Johannes S. Wrobel: Jehovah's Witnesses in National Socialist Concentration Camps, 1933-45, in: Religion, State & Society, The Keston Journal, Routledge Taylor & Francis Group, ISNN 0963-7494, vol. 34, no. 2 (June 2006), pp. 89-125.

http://dx.doi.org/10.1080/09637490600624691


[page 113f.]

ABSTRACT AND SUMMARY

Jehovah’s Witnesses, or ‘Earnest Bible Students’, were banned and persecuted from the beginning of the National Socialist regime because of their non-compliance with National Socialist ideology and practices. They constituted one of the main categories of ‘protective custody prisoners’. By March 1934, 400 Jehovah’s Witnesses, or 40 per cent of 1000 arrested, had been sent to early concentration camps in Germany. Between 1933 and 1935 several hundred of the 3000 German believers taken into custody became a distinguishable group of prisoners in the early terror camps of the National Socialists.

In 1935, when military service became compulsory, Jehovah’s Witnesses were offered a ‘Declaration’ in which they were given the ‘choice’ of leaving the concentration camp and prison in return for renouncing their faith, collaborating with the National Socialist system and joining the army. The Witnesses’ successful resistance to signing the paper is a key factor in understanding why the prisoner group became the ‘particular object of SS hatred’ (Garbe, 2002, p. 96), leading to exposure to even greater cruelty by the SS who sent them to the ‘punishment battalions’.

In 1936, in the context of the reorganisation of the terror-camp system, the SS administration assigned Witness prisoners the purple triangle identification badge classifying them as one of the main and distinctive prisoner groups. They also ‘formed a substantial group of concentration camp inmates’ (Broszat, 1982, p. 195), especially when compared with the low total number of concentration camp inmates during the autumn and winter of 1936 when the Gestapo undertook mass arrests of Jehovah’s Witnesses. Several thousand male and female Jehovah’sWitnesses suffered in the main and ‘modern’ National Socialist concentration camps and the subcamps and labour details between 1936 and 1945. The names of 4200 Jehovah’s Witness concentration camp inmates from Germany and other countries, or 37 per cent of over 11,300 believers of different nationalities arrested, have been registered so far. Their uncompromising spirit and courage earned them a certain respect from the SS and other prisoner groups especially from the summer of 1939 onward.

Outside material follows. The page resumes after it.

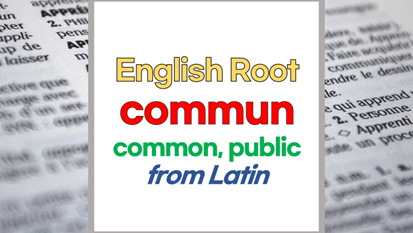 | 영어 어근 commun-, comun-은 라틴어(Latin) communis에서 유래했습니다. 보통의, 공공의, common, public, general이라는 기본적인 의미를 갖고 있습니다. |
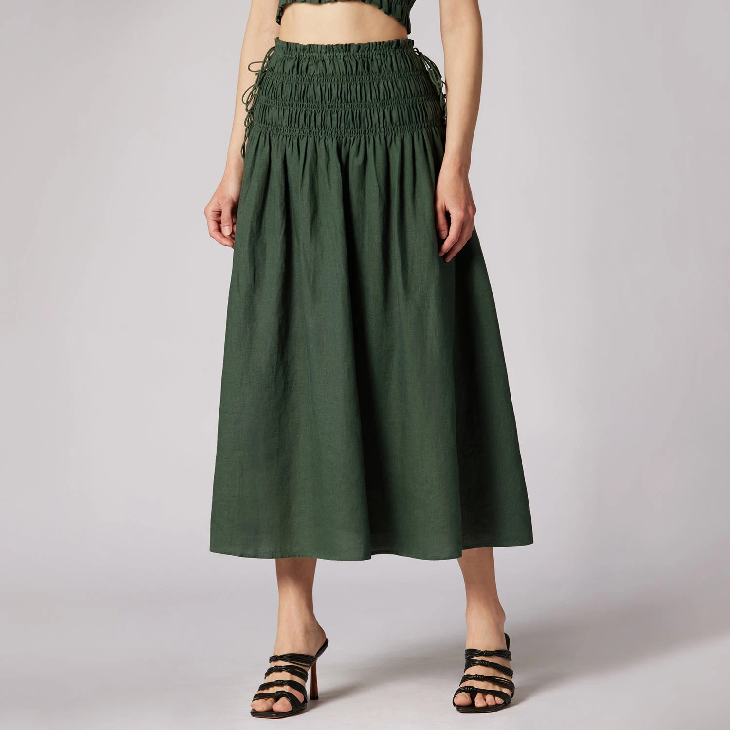 SKU: AM9PZ 8027703541986 Categories: Bottoms, New Arrivals Tags: Age_group:adult, Bottoms, Category:Bottoms, Clothing, Color:Jungle Green, Custom_label_2:Sale, Gender:female, Generic_color:Green, Linen, Not Clearance, Product:Clover Linen Skirt, Sale, Sale bottoms, Sets, Skirt, Summer

Because they refused to perform any military services or war-related work, the ferocious suppression of Jehovah’s Witnesses by the National Socialists would climax dramatically with the outbreak of the Second World War. In 1942, in view of the heavy war losses being sustained by Germany, the SS leaders shifted their concentration camp policy to a more ‘economic’ orientation, and many Jehovah’s Witnesses, though not all, were assigned to labour outside the camps that would not lead to an irreconcilable clash between National Socialist ideology and their conscience. The SS viewed them as reliable workers and experienced camp inmates who were not subversive, would not flee, and would work diligently. Up until the end of the war, however, the terror regime continued to treat them as ‘enemies of the state’, suppressing them severely, and executing 370 Jehovah’s Witnesses for conscientious objection and underground religious activities. The vast majority of the 1490 registered Witnesses of different nationalities who lost their lives died as concentration camp prisoners - some 950, or 64 per cent.

The existing historical material demonstrates that Jehovah’s Witnesses are a distinctive and distinguishable victim and prisoner group of the National Socialists from the beginning of the regime. Future investigations should seek to provide more detailed and complete statistics on the early camps (1933 - 35/36) and the main concentration camps (1936 - 45) and to shed more light on the role and fate of Jehovah’s Witnesses in Hitler’s prisons. Academic research into these and other areas, which must also include oral-history reports from survivors, is crucial for ensuring that the memory of the prisoners with the ‘purple triangle’ in concentration camps and the thousands of other Jehovah’s Witnesses who suffered persecution under National Socialism will not sink into oblivion. The ‘purple triangle’ is both a document of contemporary history and a call to remembrance.